Exercise directions – With pictures excluded, copy word for word the lines in the data below from the line containing "El evento ocurrió" through the line containing "Keywords: architecture building".

Dataset excerpts –

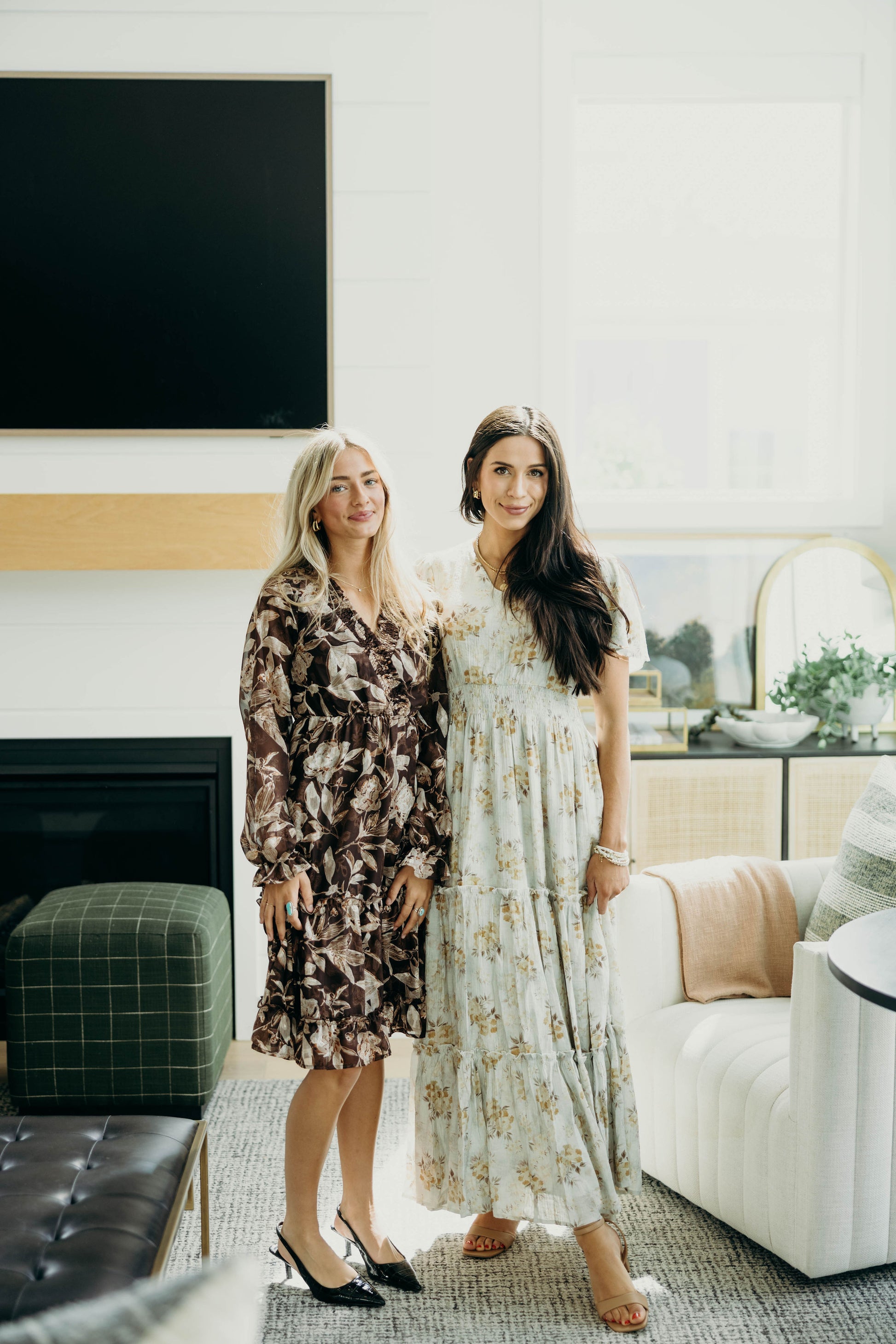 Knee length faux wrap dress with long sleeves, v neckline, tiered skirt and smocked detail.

--

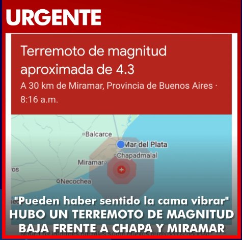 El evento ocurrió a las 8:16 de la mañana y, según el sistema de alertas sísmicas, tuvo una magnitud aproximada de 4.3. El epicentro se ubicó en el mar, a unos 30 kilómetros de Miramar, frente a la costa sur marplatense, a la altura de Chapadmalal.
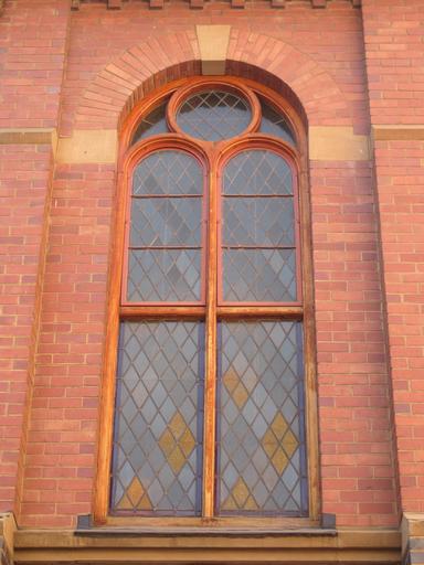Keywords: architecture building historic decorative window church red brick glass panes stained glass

Task solution –
 El evento ocurrió a las 8:16 de la mañana y, según el sistema de alertas sísmicas, tuvo una magnitud aproximada de 4.3. El epicentro se ubicó en el mar, a unos 30 kilómetros de Miramar, frente a la costa sur marplatense, a la altura de Chapadmalal.
Keywords: architecture building historic decorative window church red brick glass panes stained glass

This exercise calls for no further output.